As good as a chain filer as you can be, its still impossible to get
all the teeth on the loop the same size as some will ber filed more
than others due to damages etc..........So about all I do is use a
file to keep them touched up, and file that chain probably no more
than 3 times if it really needs a good sharpening, and not just a
touch up.......After that it gets thrown in the pile and eventually
carried to the saw shop where they use a machine grinder and once set
it will make all the teeth uniform again (uniform that is in that it
will grind away wifer or longer teeth and make them all the same as
the smallest one since thats what the grinder is set on.

I buy Woodsman brand chain by the rolls from Baileys, and its pretty
cheap.
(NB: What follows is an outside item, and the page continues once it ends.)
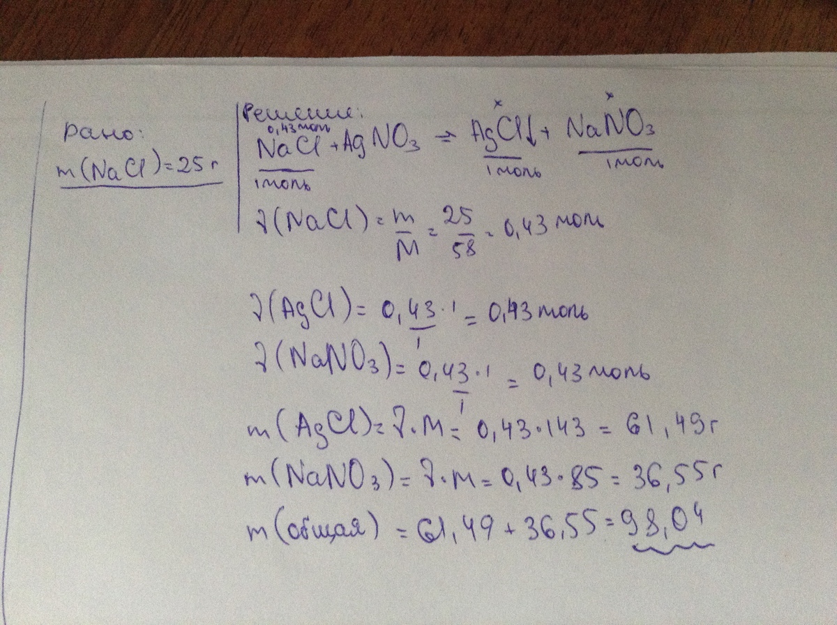 Определите массу соли, полученной при взаимодействии 25 граммов хлорида натрия и нитрата серебра, учитывать соль, выпавшую в осадок.

Woodsman chain is actually Carlton Brand chain, which is of
very good quality........I try to sytay away for the chain with all
the anti kickback features on it as I want to cut wood, and have
experieince, and what a difference between backyard saw chain and pro
or commercial chain......The chrome edged or plated chain sucks big
time and will wear a file out quicker, and is more of a pain to
sharpen or touch up than good high quality carbon steel chain
is.......Same with files, Pferd makes the best longest lasting files
for chain sharpening..........Husky brand files are actually Pferd
files.......Its important to hold the right angle, so the rake is
proper, and the tooth does not get whats called a beak or hook on it
from too much undercut, and its also important to keep the rakers
filed to the correct limits below the top of the chains teeth. The
amount is different for a lot of saws, but its genberally .025 to
.030" on most saws....Too much and the chain grabs and stalls more
than it cuts, too little and your making to fine of chips and working
harder than you should be to cut the same amount of wood with a
properly adjusted raker on the chain.

There certainoy is nothing wrong with sharpening a chain by hand, but
do it wrong and the saw will not perform properly, and its possible to
ruin a bar and chain with improper sharpening.......Get ahold of whats
called a File-O-Plate made by carlton until you get used to what angle
the cutters need to be filed to and also the rakers adjusted to. Much
easier than a Oregon file guide......


On Wed, 28 Sep 2005 09:21:47 -0500, granpaw
wrote:


Sounds like the chains I run. Very aggressive and dangerous to run IF
you don't know what your doing. I do all my own sharpening. I have three
different methods. On a new chain that has low hours I'll use a hand
file with a guide and touch up the teeth. For field use I also have a
hand sharpener that can be set to cut the raker depth and set to cut the
teeth back equally as well. It is an old Granberg file-n-joint unit that
clamps to the bar and has a guide rail system with a lock that stops the
teeth. http://www.right-tool.com/filenjoint.html Then I also have an
old Belsaw wheel sharpener that I use to fix damaged chains.